◆ **What to do**
Give back, word for word, the lines in the listing below from the one holding "60er Jahre Hotpants, samt, mit" down to the one holding "2月17日,农历正月初一,济", both ends included.
--- Data ---
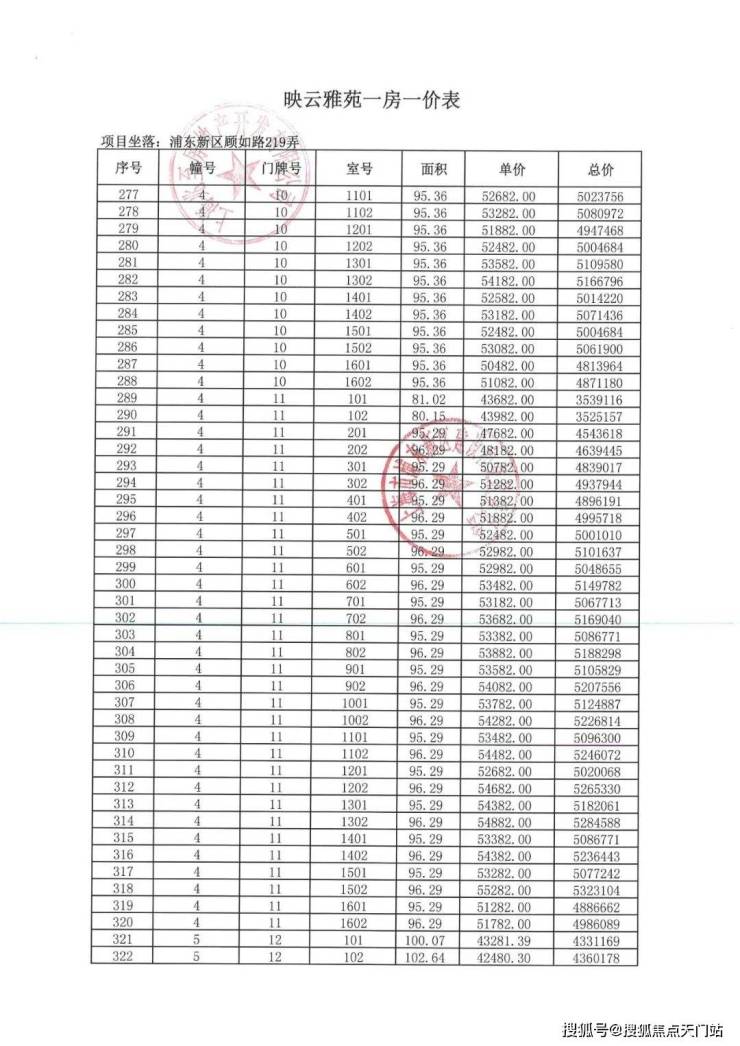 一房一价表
---
--- Data ---
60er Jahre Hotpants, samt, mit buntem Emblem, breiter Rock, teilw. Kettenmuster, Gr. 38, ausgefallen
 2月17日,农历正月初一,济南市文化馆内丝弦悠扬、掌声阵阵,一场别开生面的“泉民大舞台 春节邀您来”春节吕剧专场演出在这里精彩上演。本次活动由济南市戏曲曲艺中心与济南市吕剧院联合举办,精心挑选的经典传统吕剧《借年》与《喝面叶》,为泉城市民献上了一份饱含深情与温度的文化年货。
---
◆ **Task response**
60er Jahre Hotpants, samt, mit buntem Emblem, breiter Rock, teilw. Kettenmuster, Gr. 38, ausgefallen
 2月17日,农历正月初一,济南市文化馆内丝弦悠扬、掌声阵阵,一场别开生面的“泉民大舞台 春节邀您来”春节吕剧专场演出在这里精彩上演。本次活动由济南市戏曲曲艺中心与济南市吕剧院联合举办,精心挑选的经典传统吕剧《借年》与《喝面叶》,为泉城市民献上了一份饱含深情与温度的文化年货。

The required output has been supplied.